Euphoria, un attore ha lasciato la serie tv prima della fine delle riprese: ecco perché

Euphoria, la serie scandalo di HBO, arriva anche in Italia. Scandalo perché è affronta tematiche delicate come droga e sesso esplicito, una combinazione che persino un elemento del cast non ha potuto mandare giù.

La serie arriva su Sky Atlantic e Now Tv a partire da giovedì 26 settembre 2019 e andrà in onda tutte le sere, per quattro giorni consecutivi, sempre alle 23:15.

Ancor prima di arrivare in Italia, Euphoria si è fatta carico di tantissime critiche negative e persino HBO, un network che negli anni non ha mai badato molto alla quantità di scene esplicite nei propri prodotti (basti pensare alla rivoluzione di Sex and the City portata in tv proprio da questo canale), ha dovuto ridimensionare la presenza di scene di sesso, nudi e violenza.

Una riduzione che non è bastata a Brian Bradley: il ventiduenne è conosciuto per essere un rapper ed ex partecipante alla versione inglese di X Factor.

euphoria serie tv

Euphoria, la serie tv: “Non stiamo cercando di replicare Gossip Girl”

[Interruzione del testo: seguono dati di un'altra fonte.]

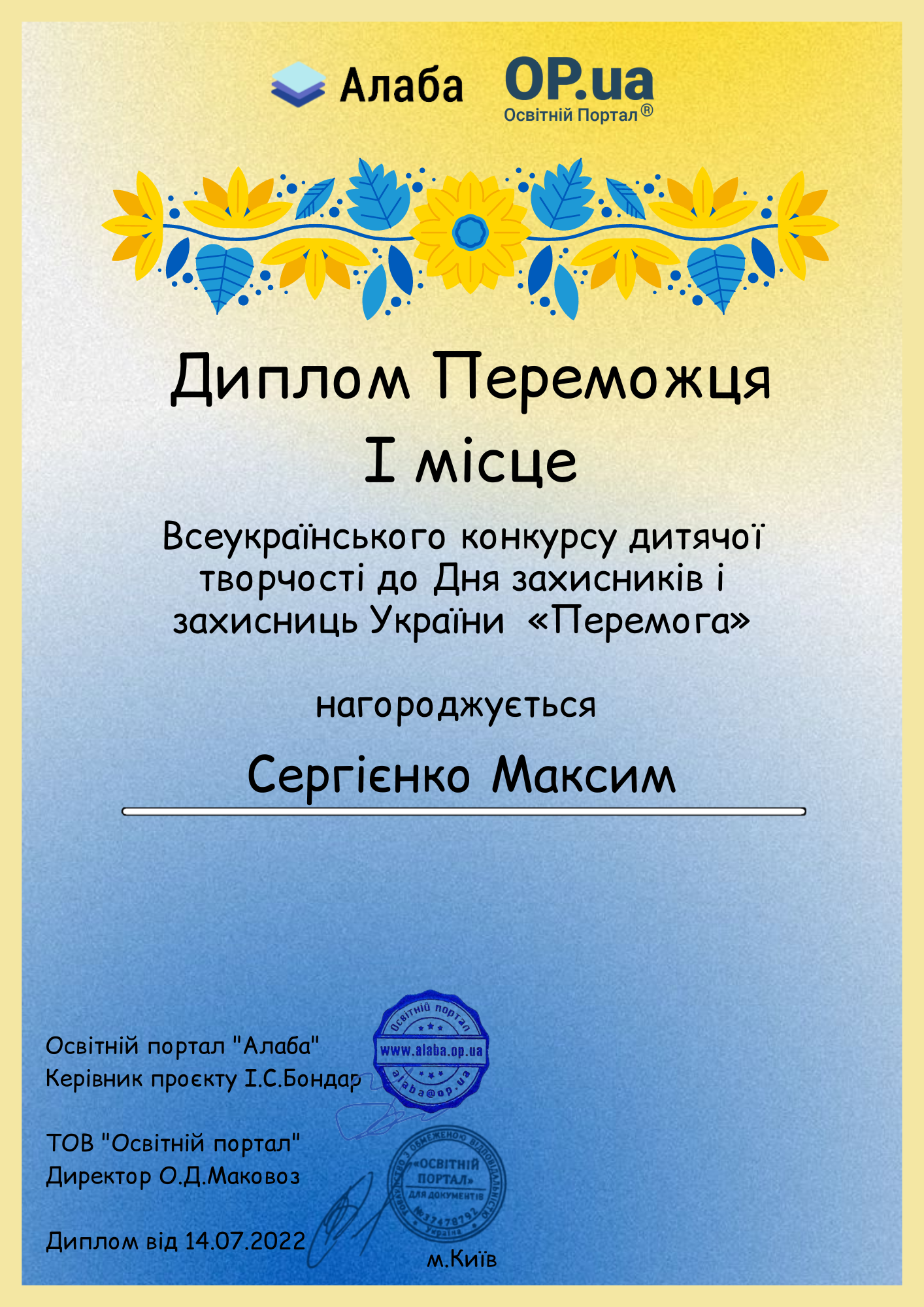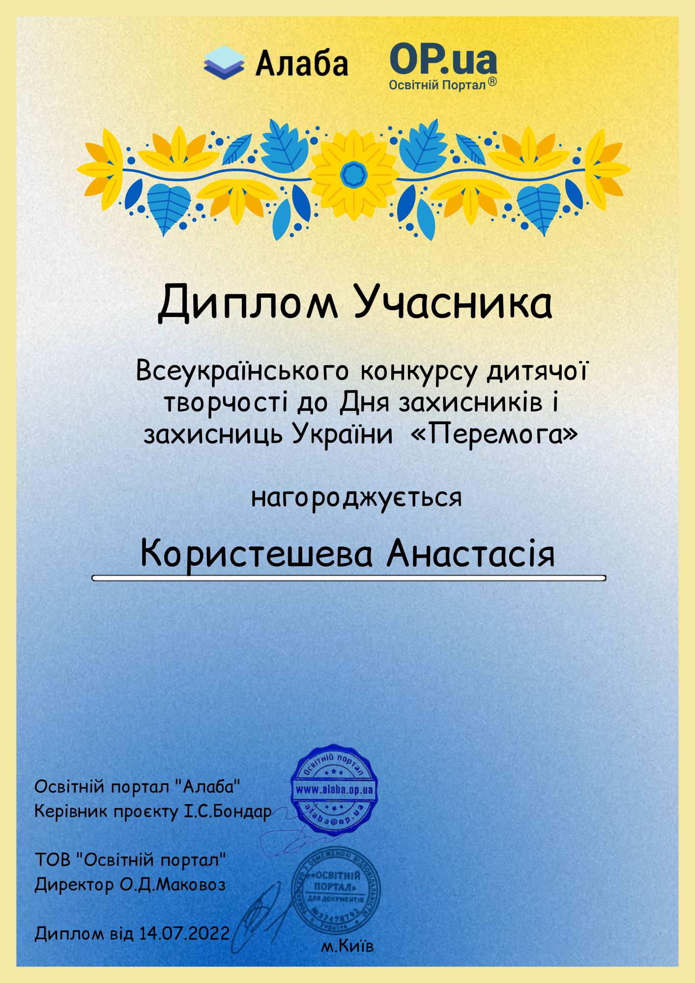 Освітній портал Алаба, за організаційної підтримки ТОВ «Освітній портал»ТМ https://op.ua, запрошує до участі у Всеукраїнському конкурсі дитячої творчості до Дня захисників і захисниць України "Перемога"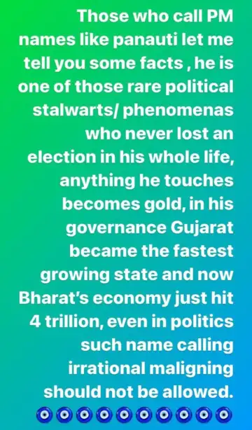 మోదీని పనౌటీ అని పిలుచుకునే వారు కొన్ని వాస్తవాలు తెలుసుకోవాలి.. తన జీవితంలో ఎన్నడూ ఎన్నికల్లో ఓడిపోని అరుదైన రాజకీయ దిగ్గజాలలో మోదీ కూడా ఒకరు. ఆయన తాకినదేదైనా బంగారం అవుతుంది, ఆయన పాలనలో గుజరాత్ అత్యంత వేగంగా అభివృద్ధి చెందుతున్న రాష్ట్రంగా అవతరించింది. అంతే కాదు ఆయన ప్రభాదిగా.. ఇప్పుడు భారత్ ఆర్థిక వ్యవస్థ కేవలం 4 ట్రిలియన్లను తాకింది, రాజకీయాల్లో కూడా ఆయన పాటించే విలువలు అద్భుతం. అందుకే దుష్ప్రచారాన్ని మానండి అని కంగనా తన ఇన్స్టాగ్రామ్ స్టోరీలో రాసింది. ప్రస్తుతం ఈ పోస్ట్ వైరల్ అవుతోంది.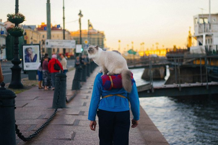Житель Васильевского острова гуляет по набережным со своим котом Пончиком. Что здесь необычного? Мужчина почти всегда носит питомца на спине и по этой причине стал местной знаменитостью. «Бумага» рассказывает историю этой пары.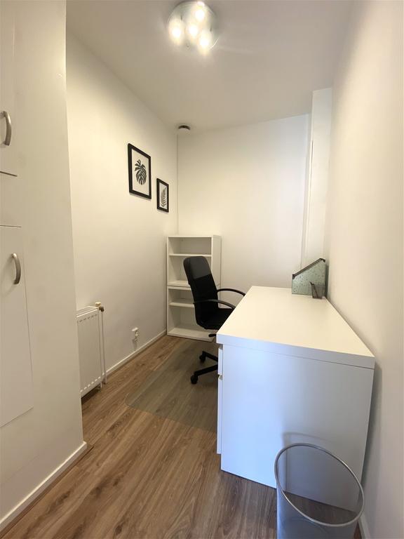 Je komt binnen in de gezamenlijke entree. Achter de eigen voordeur kom je binnen in een hal. Vanuit de hal kan je naar de tweede kamer wat als kantoor-/studeer ruimte gebruikt kan worden, het washok (inclusief wasmachine en droger) en de trap naar boven.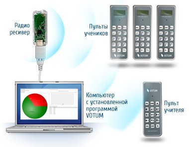 Ученикам раздаются беспроводные пульты. С их помощью они отвечают на вопросы, выбирая правильный ответ из нескольких вариантов или набирая ответ на пульте. Так же они могут дать знать учителю, что у них появились вопросы. Сигналы с пультов поступают в компьютер посредством радио-ресивера, обрабатываются программой, и VOTUM мгновенно выдает результаты.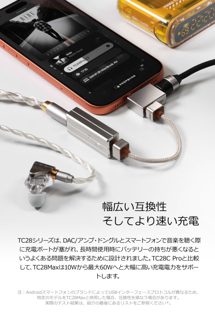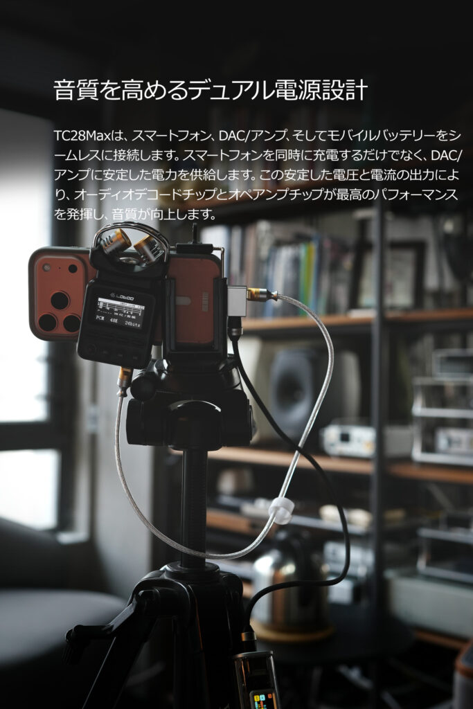 TC28Maxは、スマートフォン、DAC/アンプ、そしてモバイルバッテリーをシームレスに接続します。スマートフォンを同時に充電するだけでなく、DAC/アンプに安定した電力を供給します。この安定した電圧と電流の出力により、オーディオデコードチップとオペアンプチップが最高のパフォーマンスを発揮し、音質が向上します。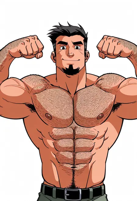프롬프트: TripCC, 검은 머리, 짧은 머리, 갈색 눈, 안면 털, 근육질 남성, 가슴 근육, 가슴 털, 팔 털, 몸 전체 털, 갈색 셔츠, 소매 없음, 벨트, 갈색 바지,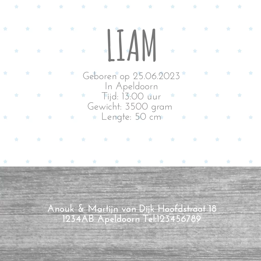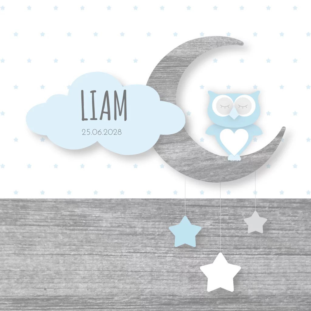 Een mooi en hip geboortekaartje met een uiltje, maan, sterren en houtlook. Pas zelf de teksten aan. De losse onderdelen kun je verschuiven en vergroten of verkleinen.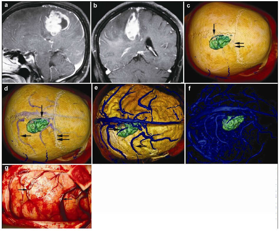 | Figure 3 Magnetic resonance imaging, reconstruction images, and actual operative view in a 62-year-old female patient with a malignant meningioma in right frontal lobe. (a, b) T1 enhancement scans: The tumor presented as heterogeneous enhancement. (c) 3D reconstruc-tion: The tumor located behind the coronary suture (horizontal double arrow) and adjacent to sagittal suture (vertical single arrow). (d)3D reconstruction (skull semitransparent): This picture not only shows the relationship between tumor and sutures (coronary suture, horizontal double arrow; sagittal suture, vertical single arrow) but also shows the relationship between tumor and the superior cerebral veins (horizontal double arrow). (e) 3D reconstruction (do not show the skull): The tumor locates between two superior cerebral veins (horizontal single arrow). (f) 3D reconstruction: This picture only shows the tumor and veins. (g) Intraoperative situation: The intraoperative situation is consistent with 3D reconstruction images. |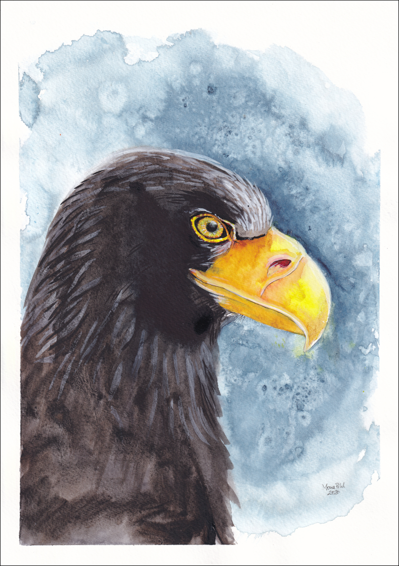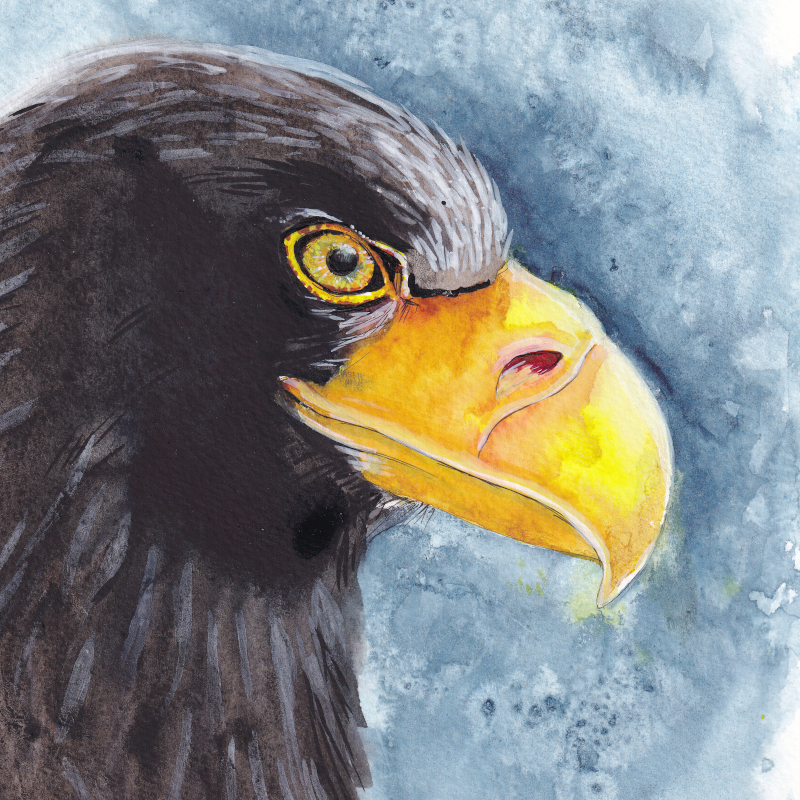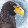 | 7. Steller's sea eagle - is todays bird in Birbfest. This is another watercolour on 19x19 cm hot pressed paper. With this I used salt in the background and some Arrtx acrylic markers in black and white. Loosly based on the reference I found here |
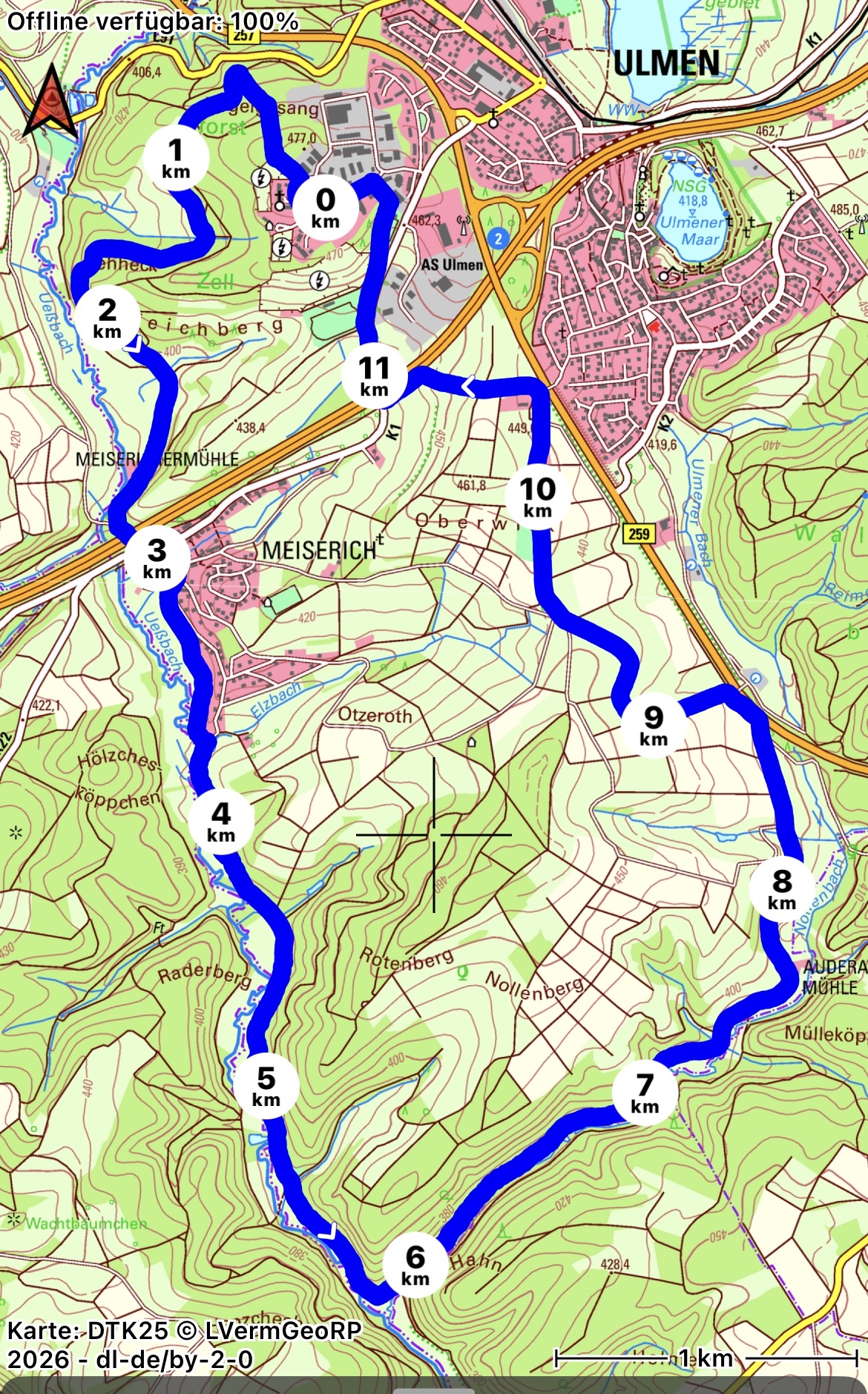 Meiserichermühle vorbei und erreichen Ulmen/Meiserich. Weiter geht es durch das
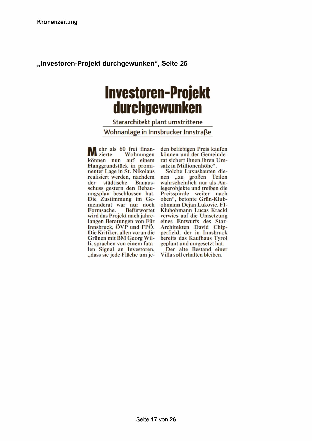 Grünen mit BM Georg Willi, sprachen von einem fatalen Signal an Investoren,
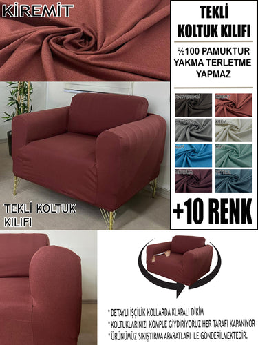 %100 Pamuklu Fransız Kumaş Kiremit Tekli&Berjer Komple Giydirme, Bohem, Porto Model Koltuk Kılıfı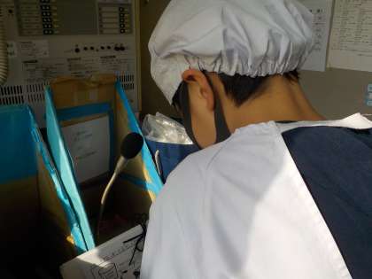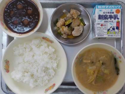 今日の献立はごはん,牛乳,みそ汁,焼き鳥丼,白玉ぜんざいでした。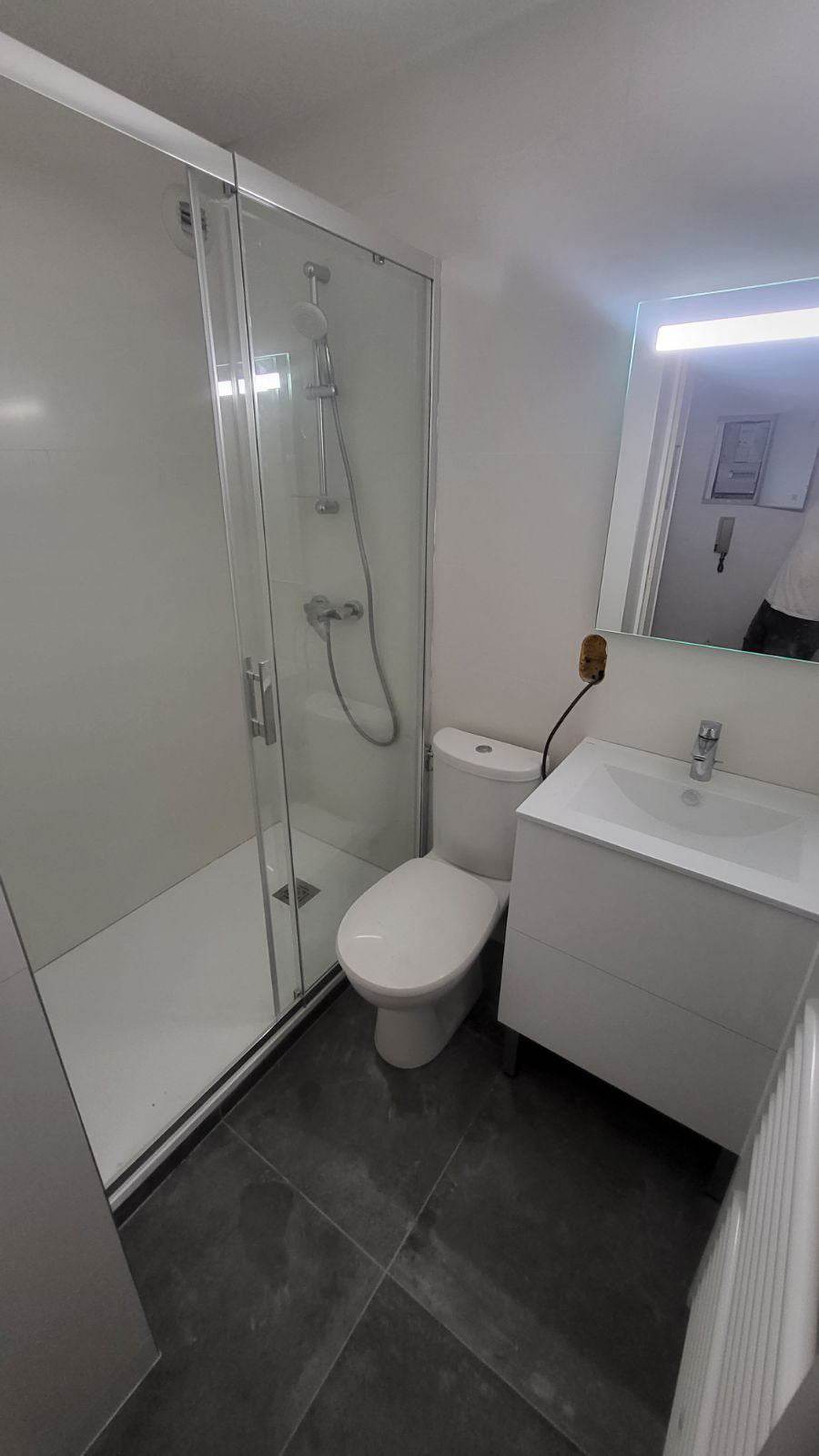 The bedroom has a double bed and a wardrobe. The bathroom includes a shower, a sink, and a toilet.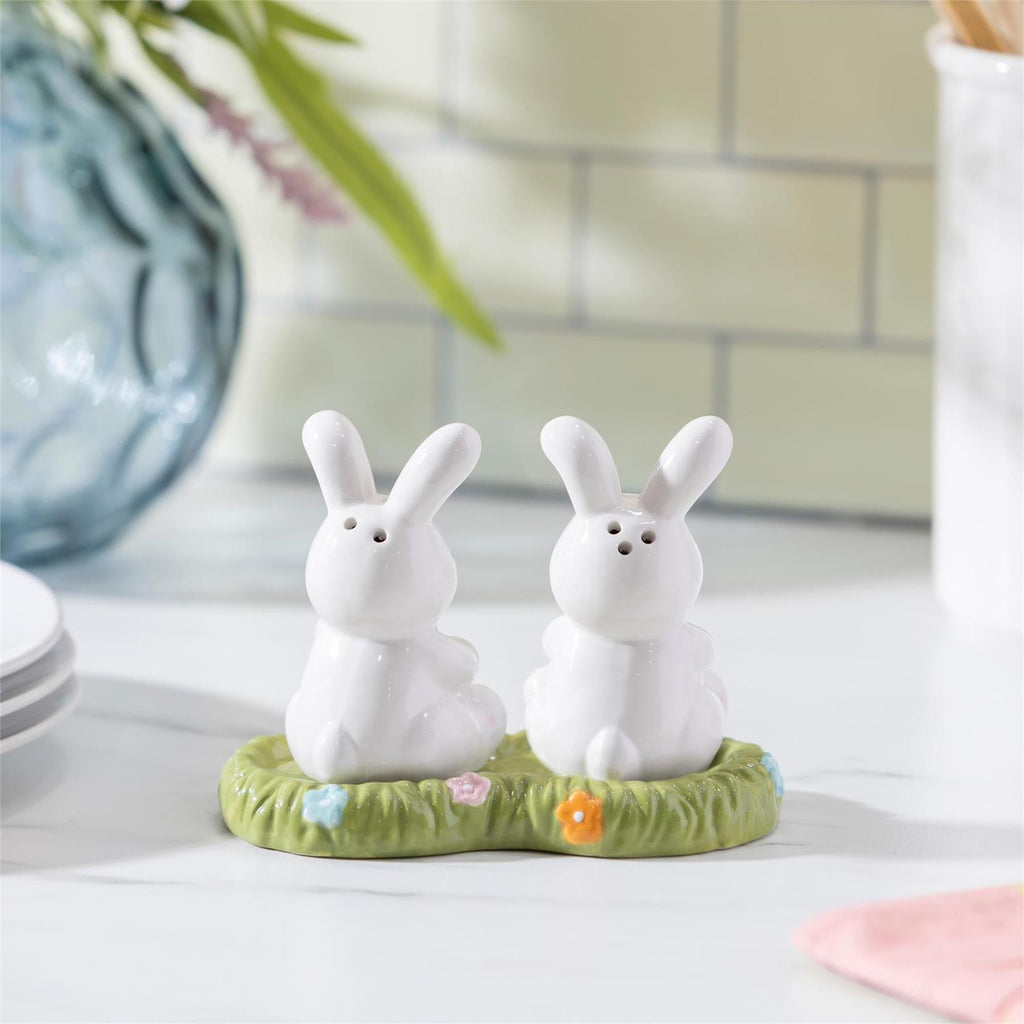 Add a touch of whimsy to your dining table with the Easter Bunny Scene Ceramic Salt and Pepper Set. These charming shakers feature two delightful bunnies, each sporting a colorful bow tie, perched on a grassy ceramic base. Perfect for Easter gatherings or springtime décor, this set is crafted from durable ceramic and designed to bring a festive, playful vibe to any meal. Measuring 3.0 inches in length, 5.5 inches in width, and 4.1 inches in height, these shakers are the ideal size for both functional use and decorative display.

Come riportato dal magazine americano Hollywood Reporter, Brian avrebbe accusato il disagio sin dall’episodio pilota, in particolare riguardo le scene in cui il suo personaggio avrebbe dovuto sperimentare per la prima volta dei rapporti omosessuali.

L’indecisione e il rifiuto dell’attore hanno poi portato i produttori a sostituirlo con Algee Smith. L’episodio pilota è stato poi rigirato, inclusa la scena di sesso spinto con l’attrice Sydney Sweeney.

Scritta da Sam Levinson, che si è ispirato al suo passato turbolento legato alla tossicodipendenza, Euphoria è andata incontro ad alcune censure.

“Questa serie non è per tutti, e non è sensazionale per il solo gusto di esserlo. Vuole essere una rappresentazione per gli adulti di cosa voglia dire essere adolescenti nel 2019. Potrebbe risultare un po’ troppo, a volte, soprattutto per la televisione, ma qualcuno ha vissuto davvero queste cose”, ha dichiarato Casey Bloys, responsabile della programmazione di HBO.

Euphoria con la sua prima stagione racconta di adolescenti alle prese con le sfaccettature della vita, anche quelle più colorate e dolorose.